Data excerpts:
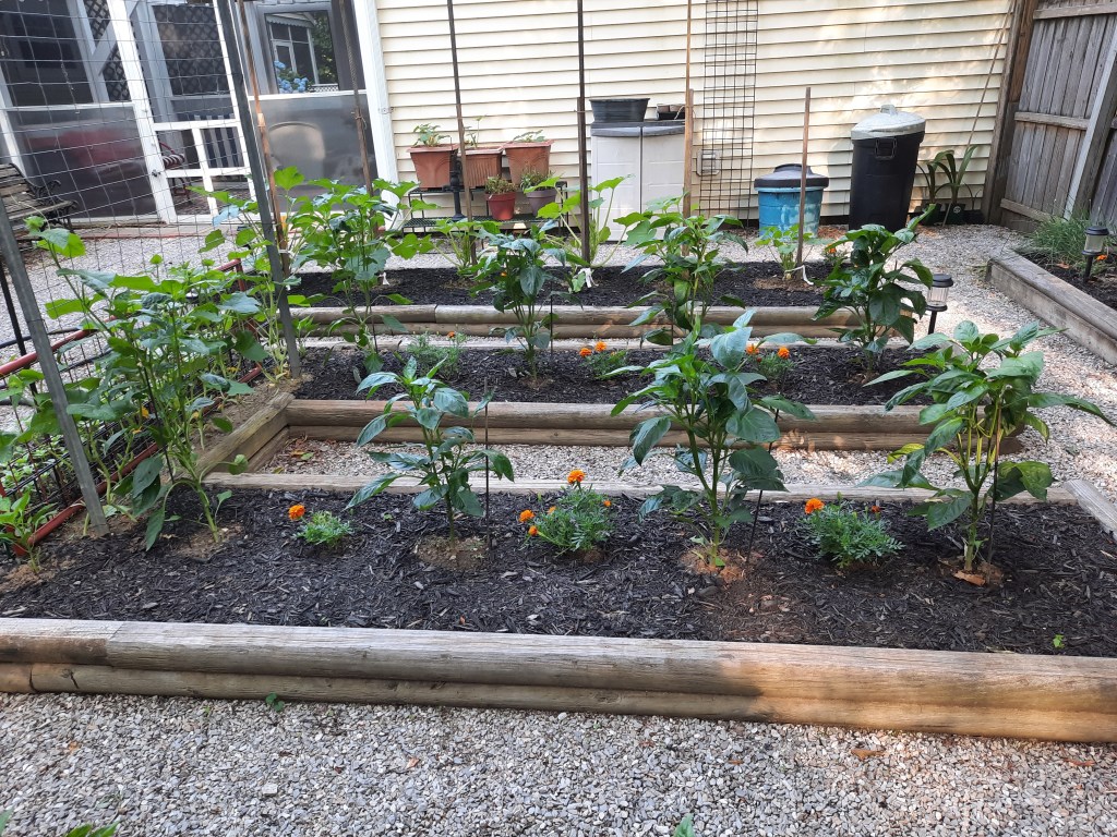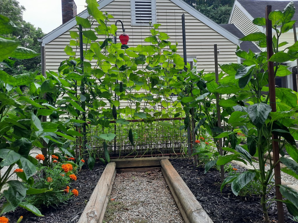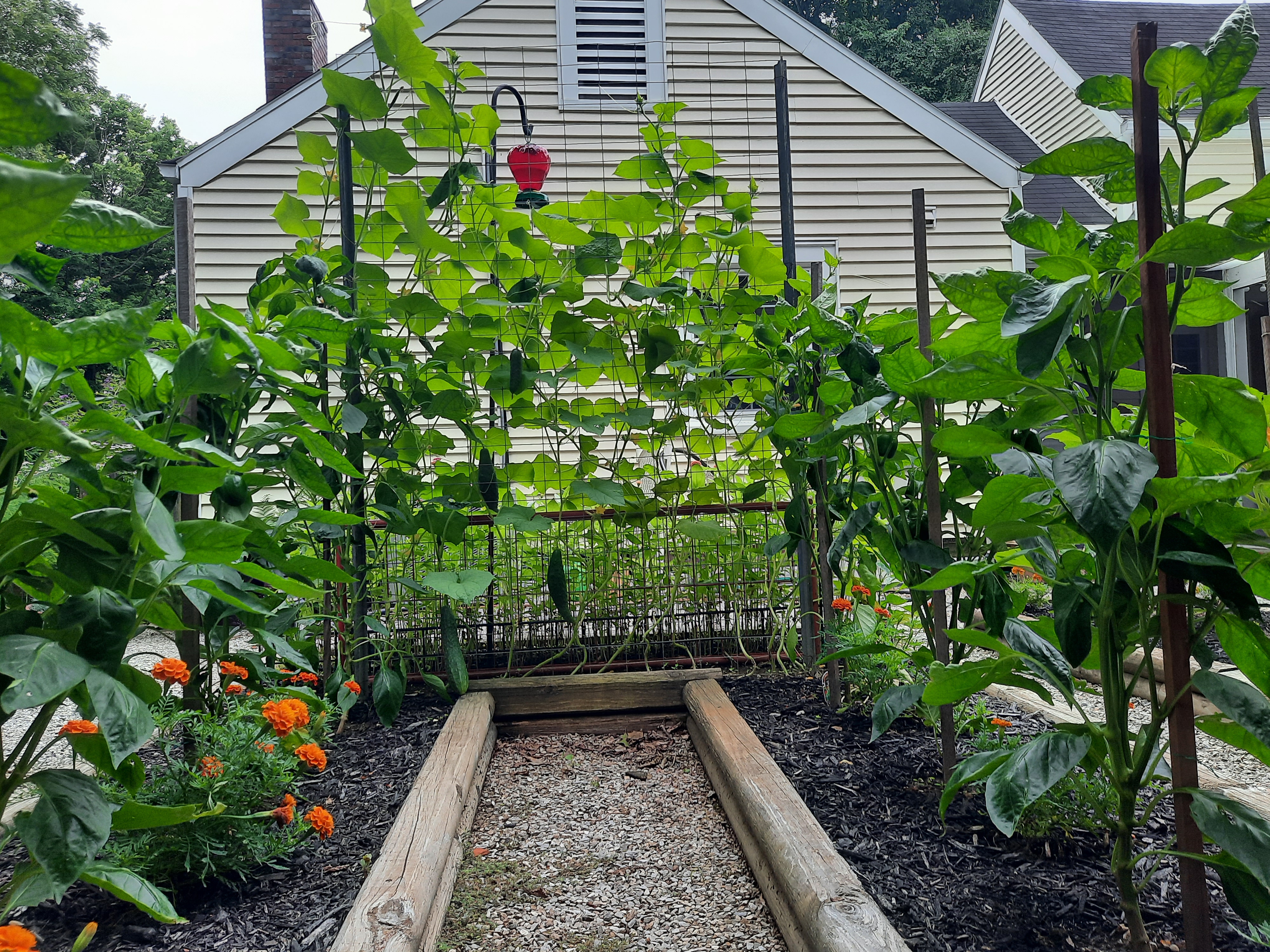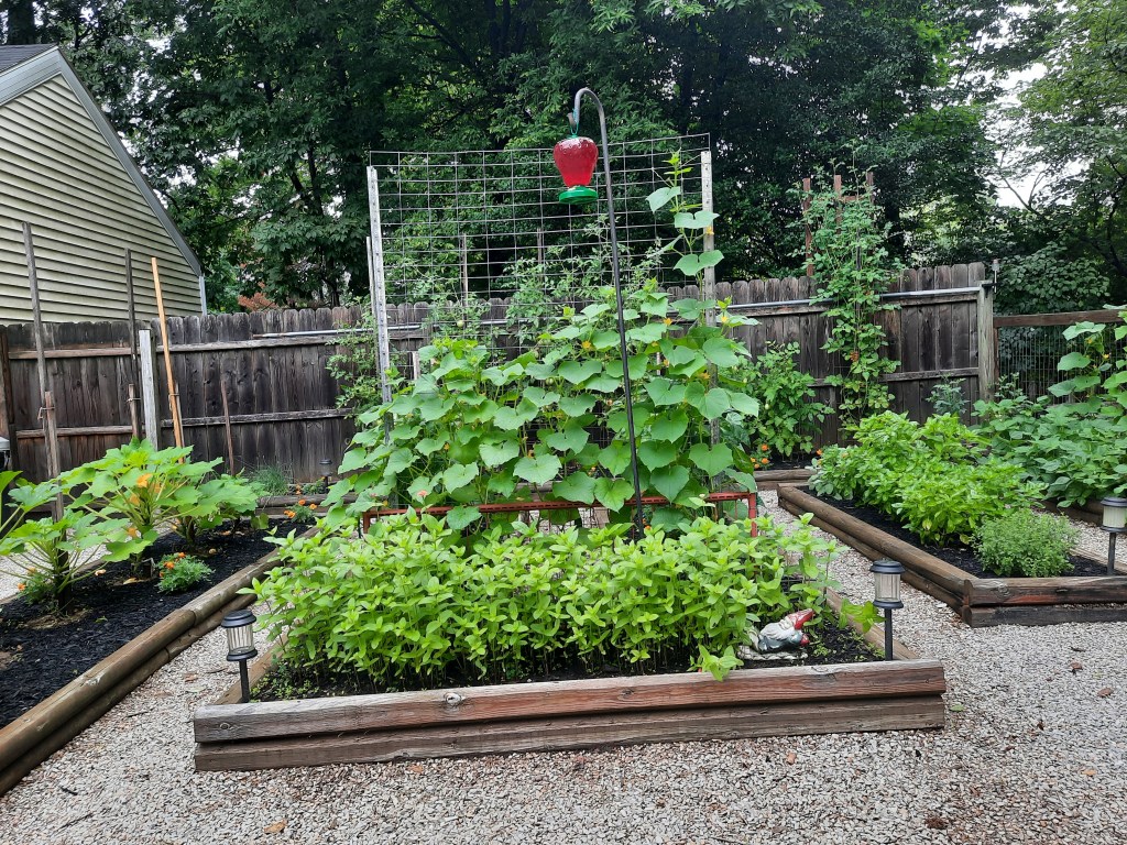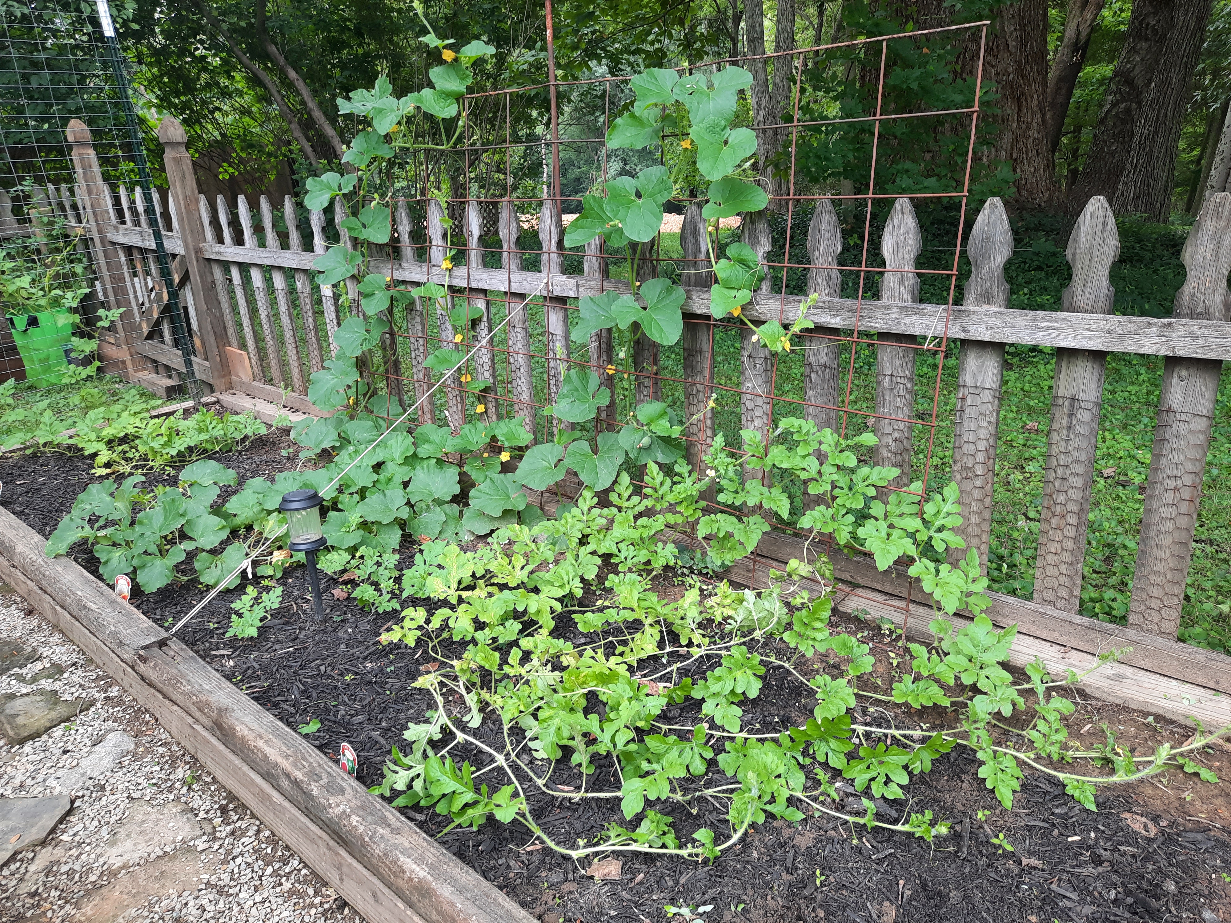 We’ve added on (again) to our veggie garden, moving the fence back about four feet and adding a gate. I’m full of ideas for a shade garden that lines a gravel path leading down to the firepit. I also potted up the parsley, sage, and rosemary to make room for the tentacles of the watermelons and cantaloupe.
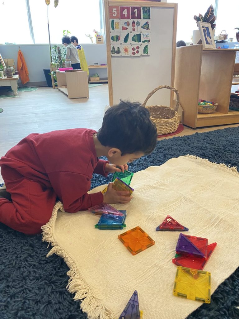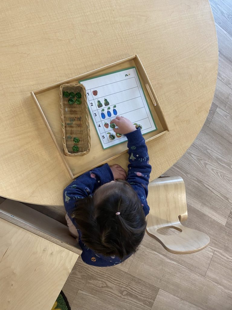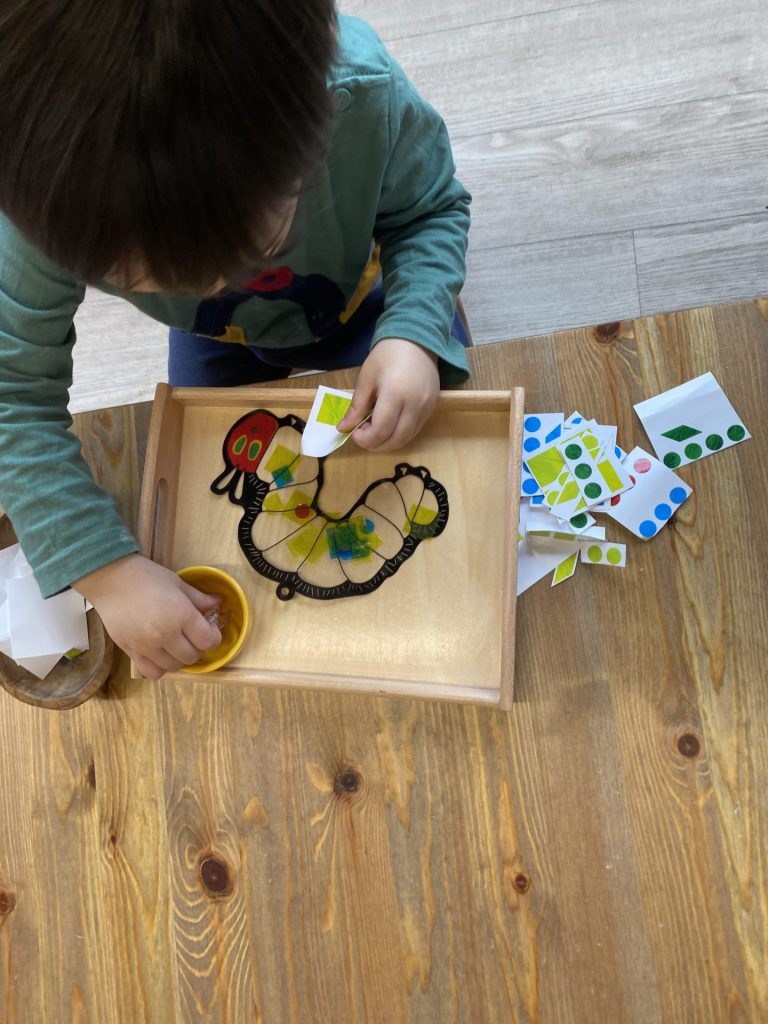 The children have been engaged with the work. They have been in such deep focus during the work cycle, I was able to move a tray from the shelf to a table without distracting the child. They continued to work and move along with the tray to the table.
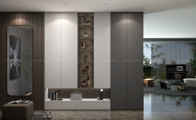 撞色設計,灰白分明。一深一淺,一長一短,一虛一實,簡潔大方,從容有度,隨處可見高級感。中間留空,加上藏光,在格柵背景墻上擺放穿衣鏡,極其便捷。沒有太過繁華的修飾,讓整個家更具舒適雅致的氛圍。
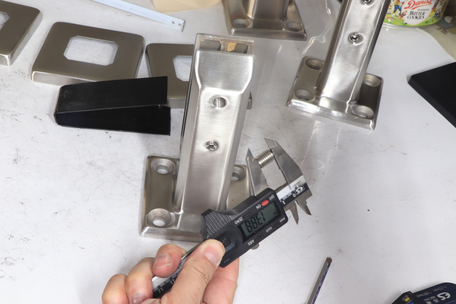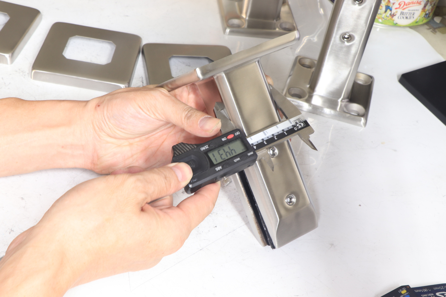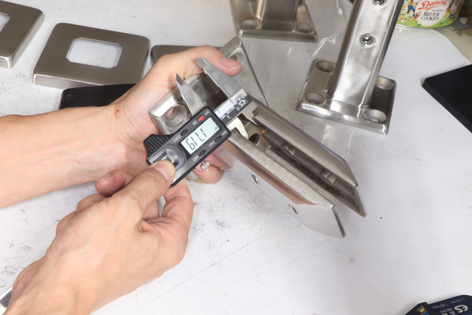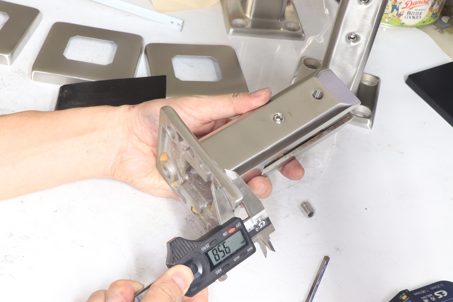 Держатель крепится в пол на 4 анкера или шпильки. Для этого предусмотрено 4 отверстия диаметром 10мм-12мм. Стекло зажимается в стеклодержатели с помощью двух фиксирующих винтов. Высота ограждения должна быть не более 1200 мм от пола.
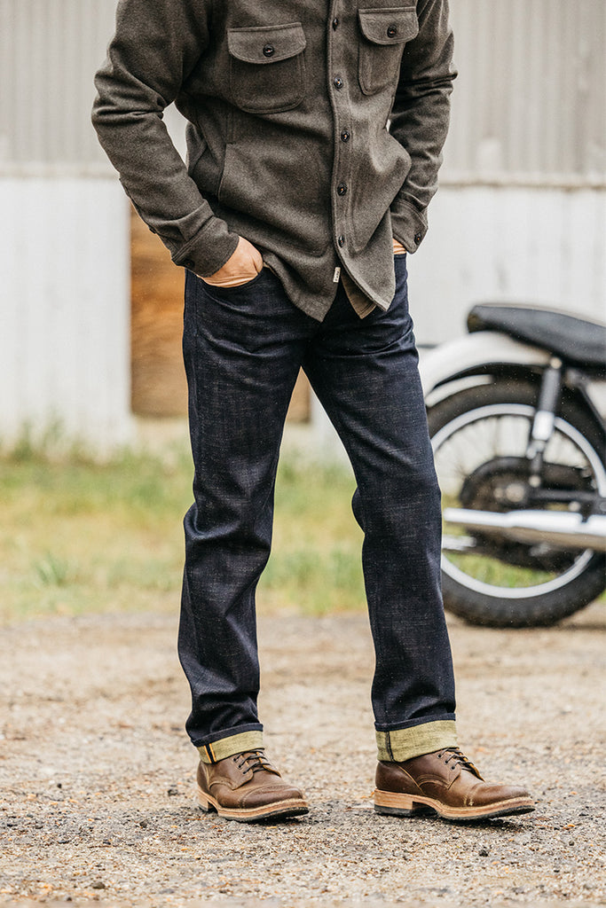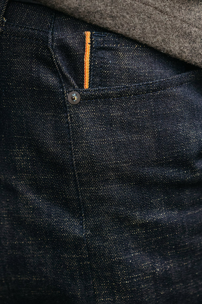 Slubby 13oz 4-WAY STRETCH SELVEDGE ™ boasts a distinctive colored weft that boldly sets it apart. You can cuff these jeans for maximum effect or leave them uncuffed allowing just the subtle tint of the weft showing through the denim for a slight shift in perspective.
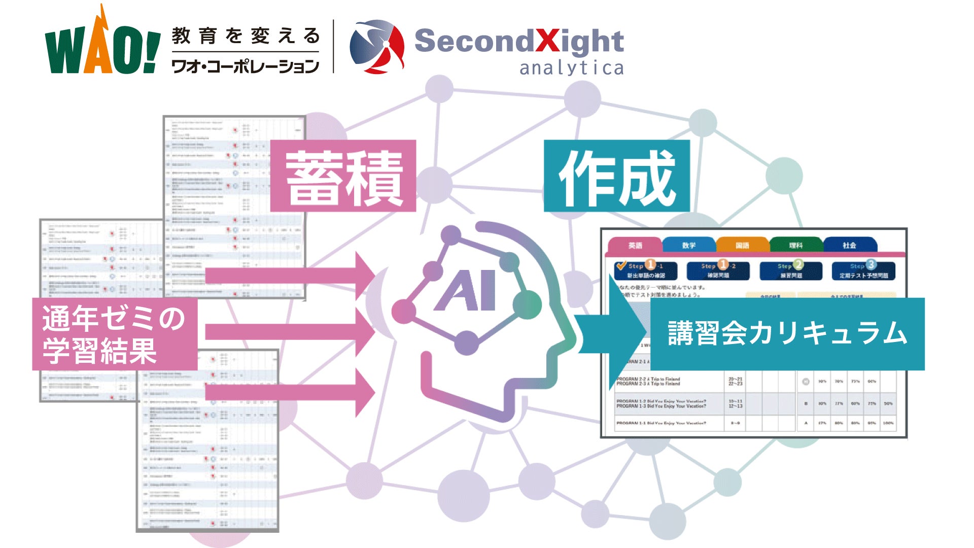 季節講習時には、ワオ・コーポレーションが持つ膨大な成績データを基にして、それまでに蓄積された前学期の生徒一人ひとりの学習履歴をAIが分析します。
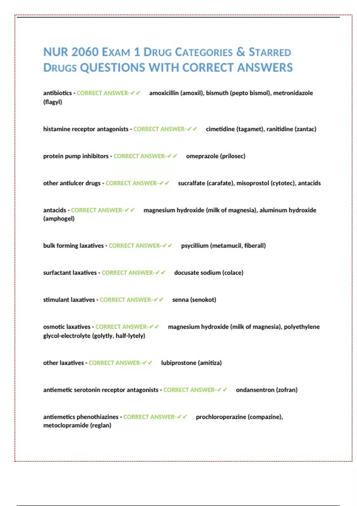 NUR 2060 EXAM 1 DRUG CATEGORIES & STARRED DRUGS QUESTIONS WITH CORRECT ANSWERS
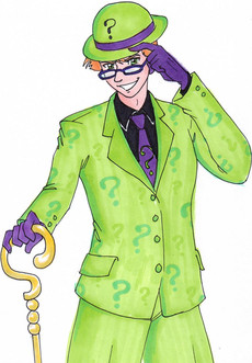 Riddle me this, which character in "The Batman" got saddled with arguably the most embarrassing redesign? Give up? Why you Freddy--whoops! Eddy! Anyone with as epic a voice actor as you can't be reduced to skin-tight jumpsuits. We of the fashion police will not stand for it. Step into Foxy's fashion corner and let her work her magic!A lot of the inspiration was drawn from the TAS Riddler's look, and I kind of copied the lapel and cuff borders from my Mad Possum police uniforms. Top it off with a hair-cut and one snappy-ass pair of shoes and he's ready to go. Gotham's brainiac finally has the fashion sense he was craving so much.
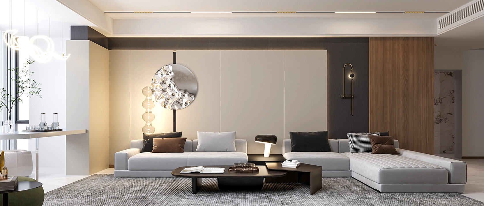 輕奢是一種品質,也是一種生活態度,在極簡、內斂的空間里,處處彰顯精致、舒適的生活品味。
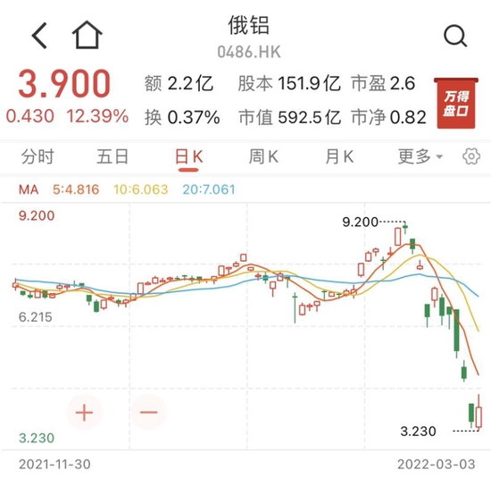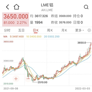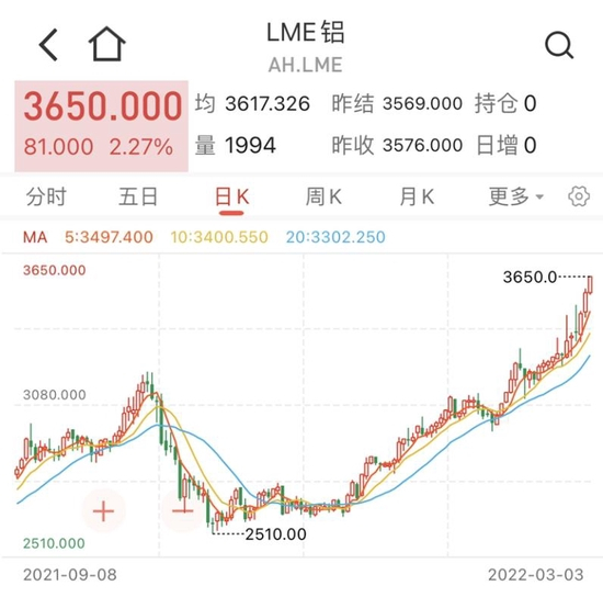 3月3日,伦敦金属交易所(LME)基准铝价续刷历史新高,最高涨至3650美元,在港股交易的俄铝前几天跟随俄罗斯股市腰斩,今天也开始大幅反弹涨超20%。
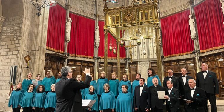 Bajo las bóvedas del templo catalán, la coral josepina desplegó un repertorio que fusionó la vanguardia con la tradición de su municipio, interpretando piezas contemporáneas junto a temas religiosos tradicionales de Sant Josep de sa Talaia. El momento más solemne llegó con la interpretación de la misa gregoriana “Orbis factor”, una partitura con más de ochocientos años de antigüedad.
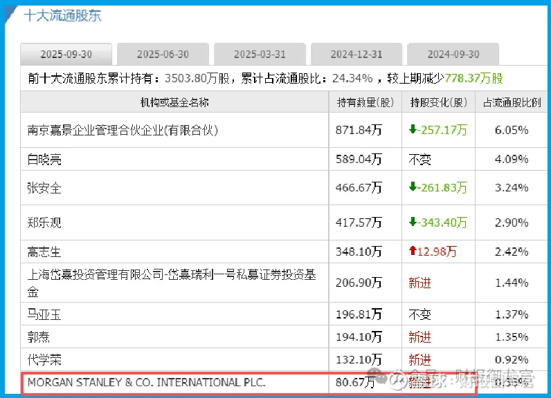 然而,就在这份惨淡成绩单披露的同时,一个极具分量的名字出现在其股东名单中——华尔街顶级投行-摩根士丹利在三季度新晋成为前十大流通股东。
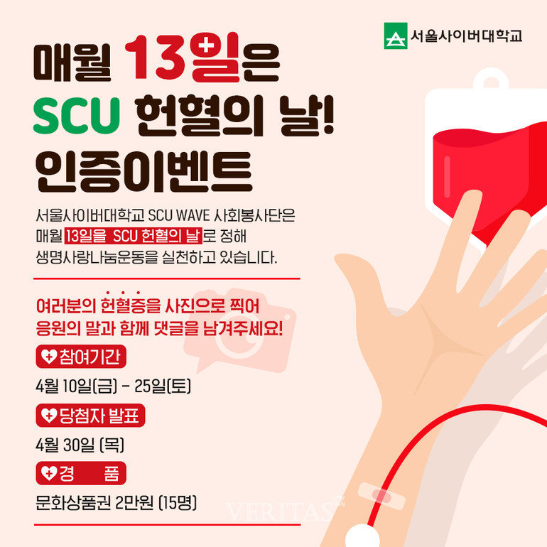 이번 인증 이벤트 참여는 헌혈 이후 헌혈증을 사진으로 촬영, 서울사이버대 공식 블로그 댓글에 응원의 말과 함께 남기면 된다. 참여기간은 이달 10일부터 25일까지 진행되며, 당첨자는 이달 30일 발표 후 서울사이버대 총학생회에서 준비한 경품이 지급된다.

PROBLEM STATEMENT:
Starting at the line with "撞色設計,灰白分明。一深一淺" in the entries above, write out every line exactly until the line with "然而,就在这份惨淡成绩单披露" has been written. Include no pictures and nothing more.

SOLUTION FOR THIS EXERCISE:
 撞色設計,灰白分明。一深一淺,一長一短,一虛一實,簡潔大方,從容有度,隨處可見高級感。中間留空,加上藏光,在格柵背景墻上擺放穿衣鏡,極其便捷。沒有太過繁華的修飾,讓整個家更具舒適雅致的氛圍。
 Держатель крепится в пол на 4 анкера или шпильки. Для этого предусмотрено 4 отверстия диаметром 10мм-12мм. Стекло зажимается в стеклодержатели с помощью двух фиксирующих винтов. Высота ограждения должна быть не более 1200 мм от пола.
 Slubby 13oz 4-WAY STRETCH SELVEDGE ™ boasts a distinctive colored weft that boldly sets it apart. You can cuff these jeans for maximum effect or leave them uncuffed allowing just the subtle tint of the weft showing through the denim for a slight shift in perspective.
 季節講習時には、ワオ・コーポレーションが持つ膨大な成績データを基にして、それまでに蓄積された前学期の生徒一人ひとりの学習履歴をAIが分析します。
 NUR 2060 EXAM 1 DRUG CATEGORIES & STARRED DRUGS QUESTIONS WITH CORRECT ANSWERS
 Riddle me this, which character in "The Batman" got saddled with arguably the most embarrassing redesign? Give up? Why you Freddy--whoops! Eddy! Anyone with as epic a voice actor as you can't be reduced to skin-tight jumpsuits. We of the fashion police will not stand for it. Step into Foxy's fashion corner and let her work her magic!A lot of the inspiration was drawn from the TAS Riddler's look, and I kind of copied the lapel and cuff borders from my Mad Possum police uniforms. Top it off with a hair-cut and one snappy-ass pair of shoes and he's ready to go. Gotham's brainiac finally has the fashion sense he was craving so much.
 輕奢是一種品質,也是一種生活態度,在極簡、內斂的空間里,處處彰顯精致、舒適的生活品味。
 3月3日,伦敦金属交易所(LME)基准铝价续刷历史新高,最高涨至3650美元,在港股交易的俄铝前几天跟随俄罗斯股市腰斩,今天也开始大幅反弹涨超20%。
 Bajo las bóvedas del templo catalán, la coral josepina desplegó un repertorio que fusionó la vanguardia con la tradición de su municipio, interpretando piezas contemporáneas junto a temas religiosos tradicionales de Sant Josep de sa Talaia. El momento más solemne llegó con la interpretación de la misa gregoriana “Orbis factor”, una partitura con más de ochocientos años de antigüedad.
 然而,就在这份惨淡成绩单披露的同时,一个极具分量的名字出现在其股东名单中——华尔街顶级投行-摩根士丹利在三季度新晋成为前十大流通股东。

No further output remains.